Hi-Great video-Can you tell me how the taste and texture compare to fresh? No one seems to answer that question while doing the video! I like the concept but need the realities before I try it. Thanks!
Taste & texture are no different in our opinion, as we keep sticks of butter in a dish at room temperature all the time for daily use on toast and other things. We have refrigerated an open jar of canned butter in warmer months to firm it up, but it’s not necessary. Real butter is stable at room temperature, whether “fresh” or canned. Canned butter will set up after processing, but it takes some time, depending on environmental conditions. Thanks for watching and commenting! Let us know if you have further questions.
My house keeps a stick of butter on the counter so it's always soft. When I tried to do that with canned butter, mold developed on the rim and lid really quicky. Are you saying that you leave your canned butter on the counter just like fresh with no problems? If so, are you a family that uses up a pint of butter a week, or what level are we talking about? Sorry for all the questions, I've been trying this for a while and haven't quite got to a situation which works for us. Thank you!
@@lurahlee1 This may have to do with molds and humidity where you live. I have noticed large differences in these issues between Michigan -old home,and Virginia- new home. Also, if you do not use a lot of butter you may have to can it in much smaller jars.
Question for you LeeAnn.... Can you use a portable electric burner (when you canned milk) to can butter? I have an electric/glass/ceramic stove top and can't use this type of pressure canner. Thank you for all that you do!! Love you videos!!
I was surprised how long they stayed fluid for. We thought we did something wrong at first, but were assured it was normal. I just popped open a four year old jar of butter.

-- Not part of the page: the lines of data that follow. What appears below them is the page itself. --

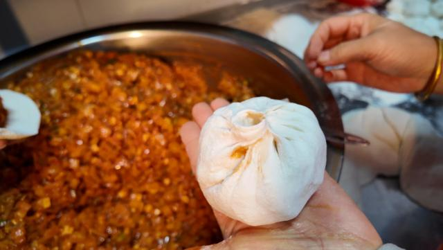 黃心洋芋去皮、切丁,配上軟嫩的豆腐、滑韌的粉條,再與蔥、姜、花椒面、辣椒面等香料一同調(diào)和。鹽與料要下得足、下得重,才能鎮(zhèn)得住黃土的風(fēng)味;一勺滾油潑上去,香氣“嗞啦”一聲騰起,餡料的魂便醒了。面團(tuán)搟成厚實(shí)的面皮,滿滿舀上一大勺土豆餡,仔細(xì)收口,包成圓鼓鼓的飽滿足形。上籠,猛火足汽蒸二十分鐘,炊煙般白蒙蒙的蒸汽里,面皮漸漸透出光潤,隱約能窺見內(nèi)里金黃糯潤的餡兒。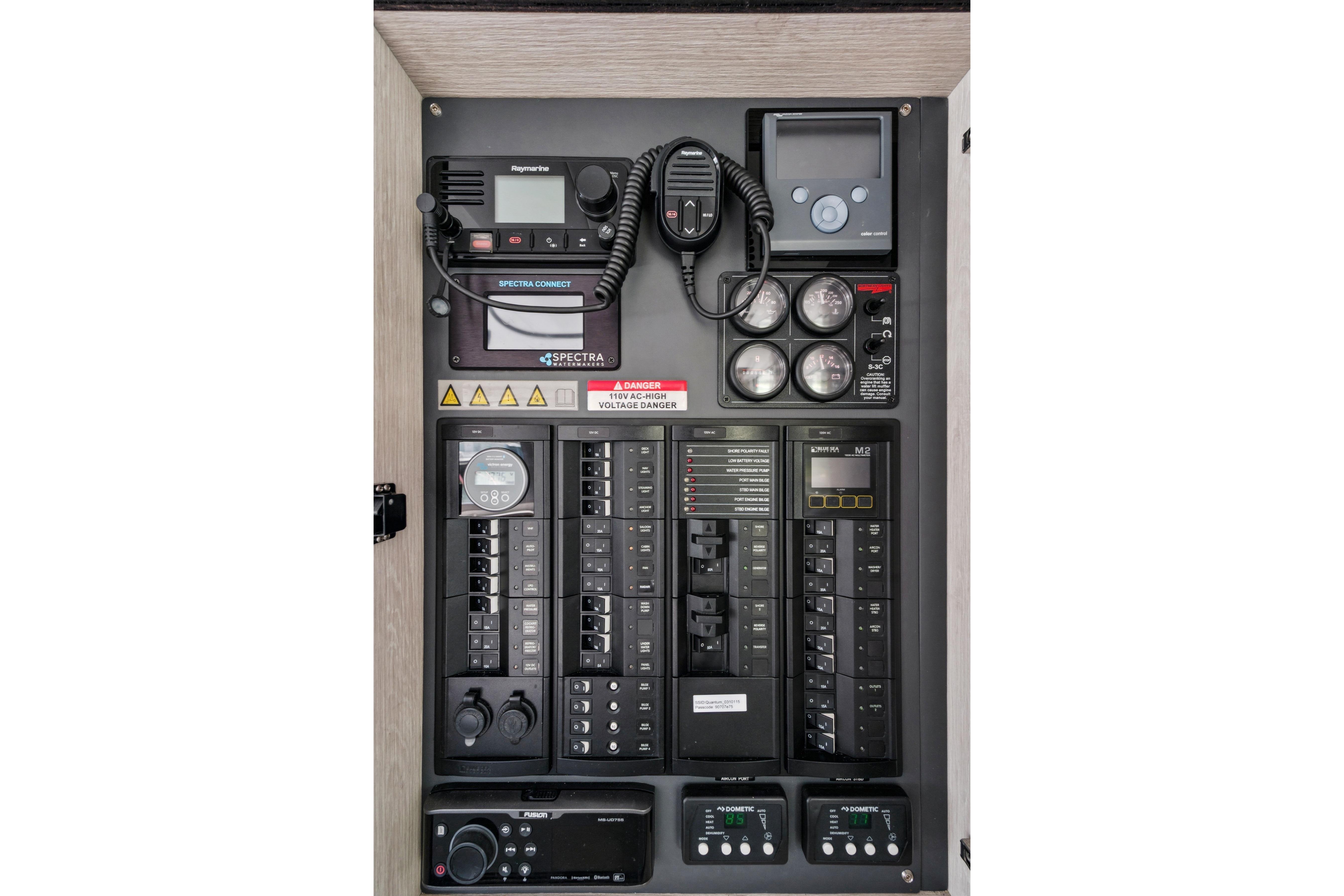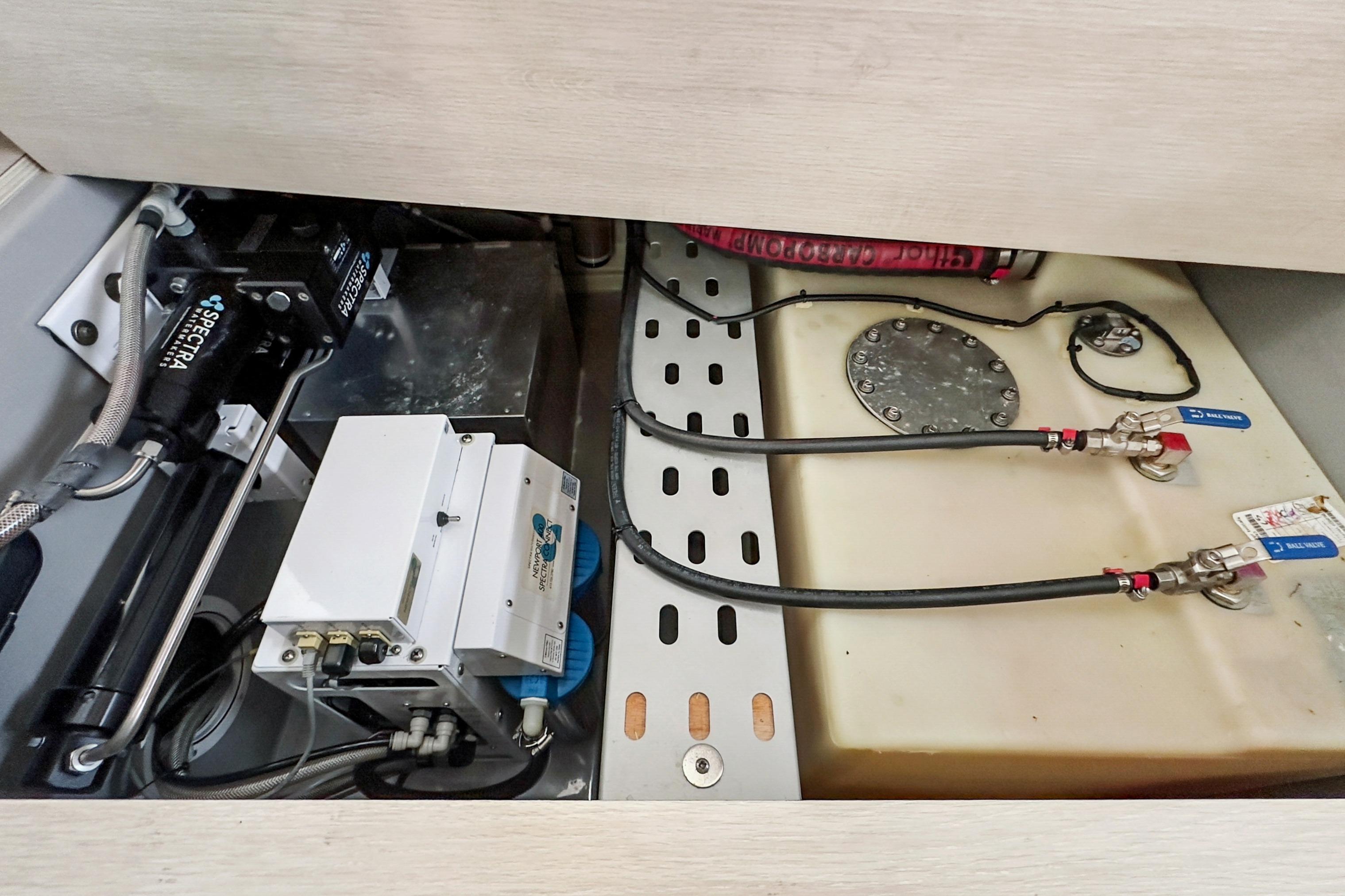 Fire Extinguishers – 5 x portable – 1 x in each cabin, 1 x in forward cockpit, 1 x in aft cockpit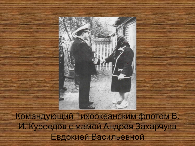 Слайд 7Командующий Тихоокеанским флотом В.И. Куроедов с мамой Андрея Захарчука Евдокией Васильевной
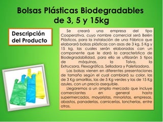 Este documento describe la creación de una cooperativa llamada Belén Plásticos que fabricará bolsas plásticas biodegradables de 3 kg, 5 kg y 15 kg utilizando máquinas como tolva, extrucsora, flexográfica, selladora y paletizadora. Las bolsas se venderán a comerciantes, supermercados y empresas. El objetivo es determinar la factibilidad del mercado para esta fábrica y satisfacer la demanda local y regional de bolsas ecológicas.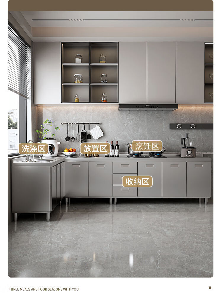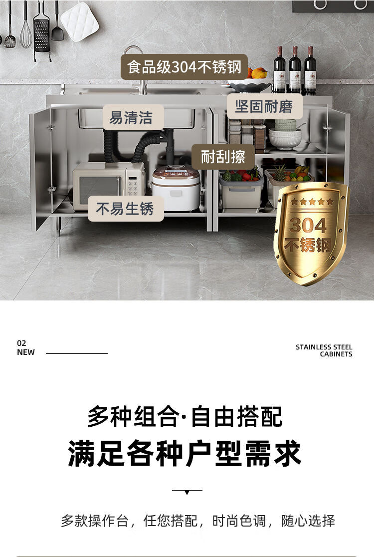 Ling Yuxun customized 304 overall stainless steel kitchen cabinets simple stove integrated storage cupboard household small apartment 304 thickened 120CM stove model

Tastes normal. We mixed unsalted and salted, 1:1, because I've heard that the salty flavor becomes more apparent after canning. You can taste the salt fine in the jar I just opened. I do have one question though: do I need to refrigerate after opening, or is it the same as before for counter stability? I put it in the fridge, but kinda hard to spread cold butter....
@@OutlawCaliber13 we normally will put in the refrigerator if it’s going to be very warm. Normal room temperature and out of direct sunlight is fine too if you are going to use it up in a reasonable period of time. If you plan to have it last for months I’d keep in the refrigerator. Long winded answer but there are several variable that would impact it. Glad it turned out for you and hope you have a great weekend! Thank you for the question and response.
@@OutdoorsandCountryLiving That's about what I figured, but wife wanted me to seek clarification. I figured it's just butter, the only difference being that you canned it. The only difference I found is that it was a little "grainy," but I assume that's from the solutes not mixing fully.
I have been pressure canning butter for years and I enjoyed your video. However, there were some steps and important information that I found missing from this video that is important for everyone but definitely for someone new to pressure canning butter to know and understand. I do look forward to watching some of your other videos but feel they are more for those who have been pressure canning for awhile and who already have a solid understanding of pressure canning and canning specific products more so than some one new to it.
Thanks. Feel free to share your thoughts. We have been home canning, going on the 26th year, but don’t claim to be perfect. We teach exactly how we have done it for many years without issues. We follow modern canning processes. Check out this website: healthycanning.com for more information. Positive feedback is welcome here. Have had numerous folks appreciate the canning videos. Appreciate your comment. Take care!
@@OutdoorsandCountryLiving The site that you attached to your previous message is the most INCLUSIVE CANNING site I have ever seen. Thank you so much. I will be recommending it to many people. Thank you and God Bless.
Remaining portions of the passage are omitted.